Não obstante, pode-se afirmar que, desde algumas décadas, a necessidade da AIA é reconhecida pela comunidade dos organismos multilaterais de financiamento, inclusive em termos formais. Ademais, embora os procedimentos para sua implementação variem de um organismo para outro, é mais importante notar que tanto as equipes técnicas dos bancos como os países tomadores de empréstimos aceitam a necessidade e reconhecem a utilidade da AIA no desenvolvimento, implantação e operação de projetos de desenvolvimento.

Por fim, é interessante notar algumas tendências com relação à AIA, apontadas por ANDRÉ et al. (1999), com base na experiência dos países francofônicos. São estas:

1. transferência do EIA de projetos para programas; 2. participação do público mais adaptada ao contexto; 3. melhoria da eficácia do processo;

4. concordância entre os indivíduos e as equipes técnicas; 5. maior desregulamentação e afastamento do Estado;

6. integração do EIA como ferramenta de implementação do desenvolvimento sustentável45 (ANDRÉ et al., 1999, p. 290).
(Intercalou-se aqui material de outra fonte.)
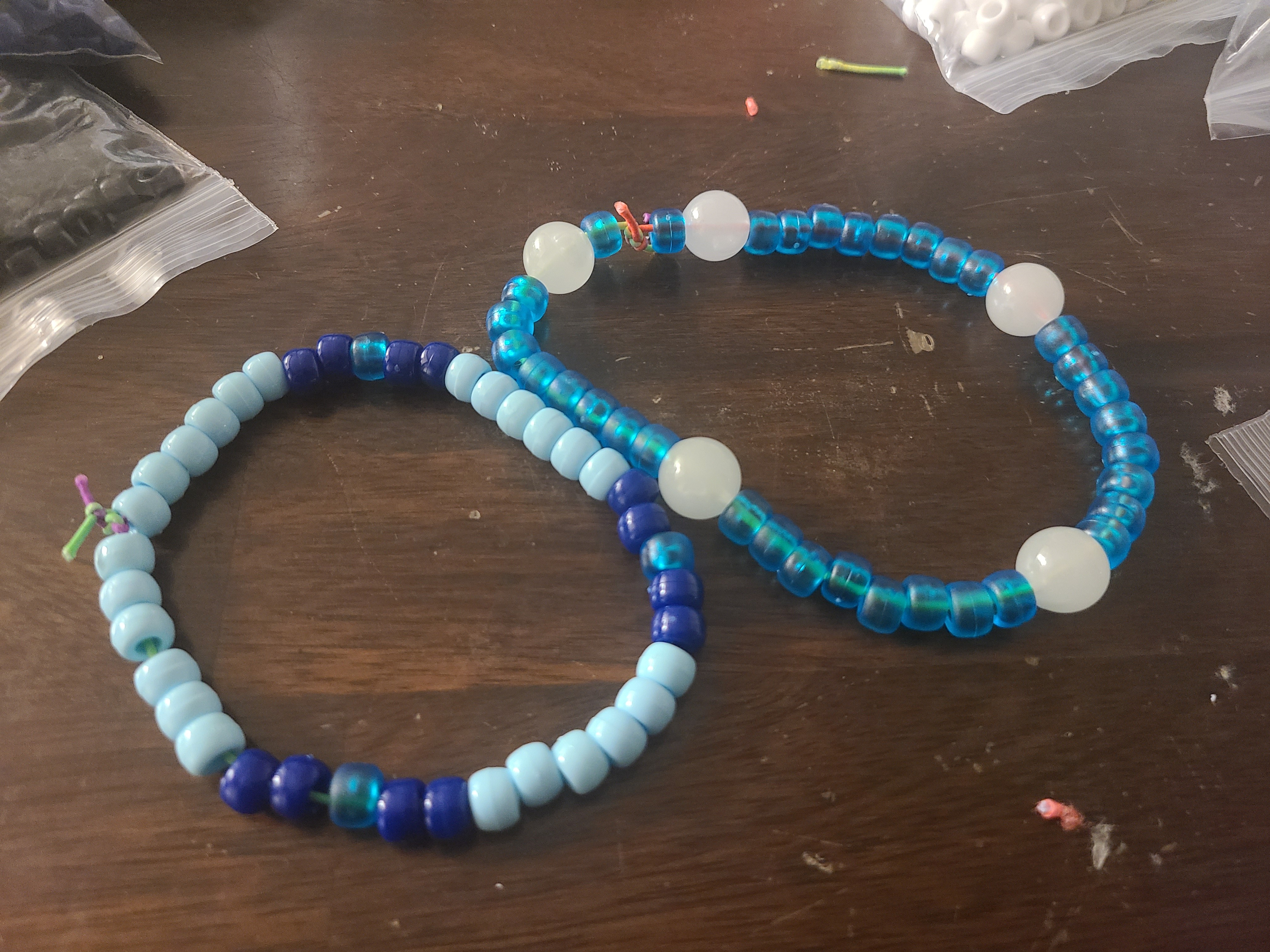 Two pony bead bracelets, one is three different shades of blue, while the other is blue with pale orbsTwo pony bead bracelets, one is three different shades of blue, while the other is blue with pale orbs0 Comments 0 Shares 4 Views

Essas tendências são claramente identificáveis, em maior ou menor grau, também no Brasil — cuja prática, na opinião de AB’SABER (1998), seria representativa dos procedimentos para avaliação de impactos em países em desenvolvimento.

* * *

Tratamos, neste capítulo, dos aspectos teóricos, objetivos, limitações e tendências da AIA. No capítulo seguinte, abordaremos, detalhadamente, o estado da arte em AIA relativa aos grandes empreendimentos de infra-estrutura no Brasil, examinando o modo como esse instrumento se soma ou se contrapõe ao planejamento e projeto para a implantação de grandes obras.